Google Gemini is a family of multimodal AI models from Google with support for text, image, video, audio generation, and embeddings. With the Gemini integration in SquadOS, your agents can generate content with Gemini Flash and Pro models, create images and videos via Veo, compute embeddings for semantic search, and much more — all directly within your workflows.

This tool requires no authentication (NO_AUTH).

FieldRequiredDescription
N/AN/ANo credentials required.
  1. Go to Tools in the side menu (/admin/tools).
  2. Open the Available tab and search for Gemini.
  3. Click the card to open the details and hit Activate — the tool goes directly to the active list with no login step. (Connection-flow details in Organization Tools.)

GEMINI_COUNT_TOKENS

Counts the number of tokens in text using Gemini tokenization.

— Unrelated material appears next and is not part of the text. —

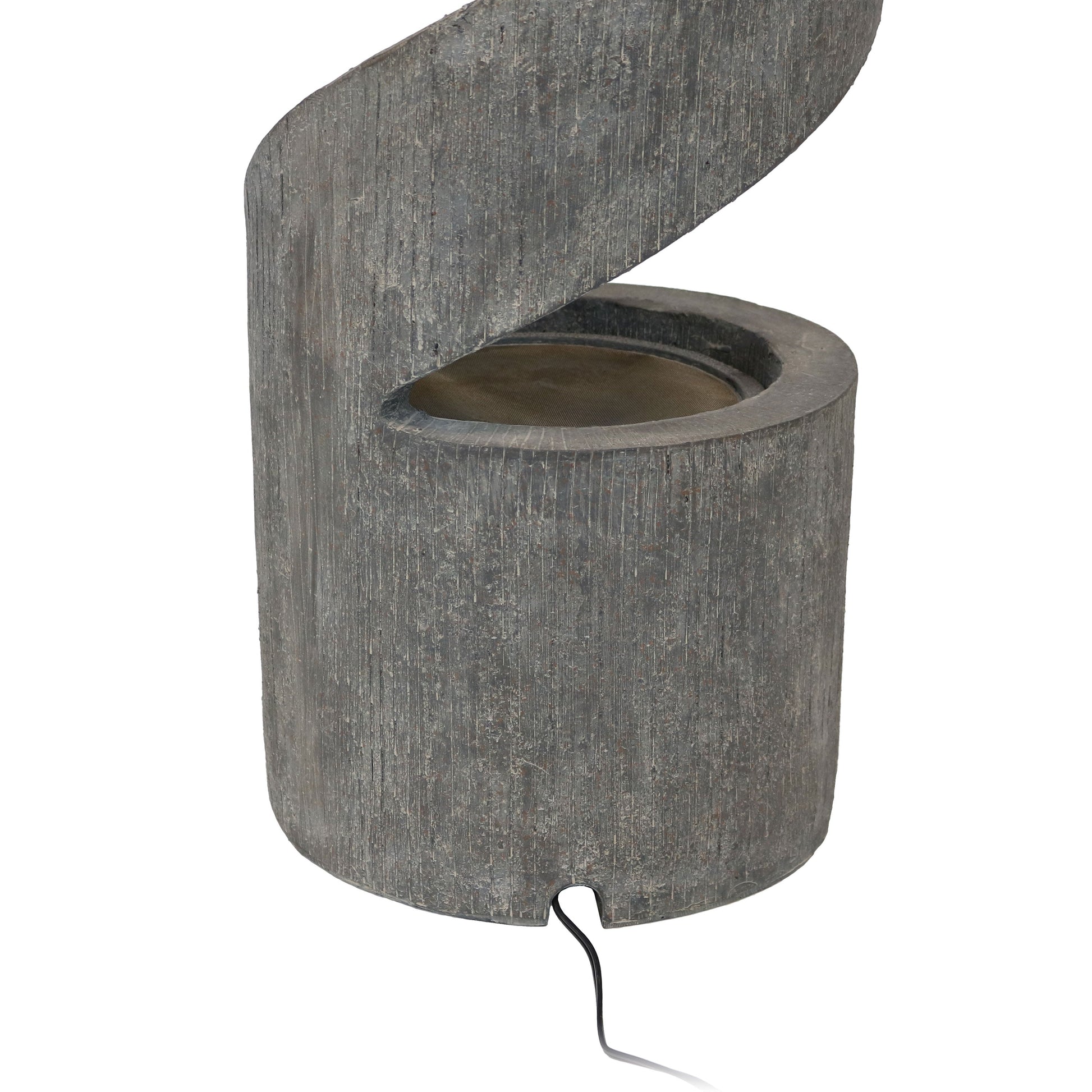 Bring contemporary style to your space with this spiraling outdoor water fountain. Made of dependable polyresin, this outdoor water fountain will provide you with many years of beauty and performance. Enjoy the calming rain shower sounds as water gracefully pours down from the top and hits the bottom to make a rain-like sound. No complicated plumbing is required, simply fill with water, plug in, and enjoy.

Useful for estimating costs, checking input limits, and optimizing prompts before making API calls.

NameTypeRequiredDescription
textstringYesText to count tokens for.
modelstringNoModel to use for token counting. Must be a model that supports the countTokens method. Use the ListModels action to see available models and their supported methods.
NameTypeRequiredDescription
datastringYesData from the action execution.
errorstringNoError if any occurred during the execution of the action.
successfulbooleanYesWhether or not the action execution was successful.

GEMINI_EMBED_CONTENT

Generates text embeddings using Gemini embedding models. Converts text into numerical vectors for semantic search, similarity comparison, clustering, and classification tasks.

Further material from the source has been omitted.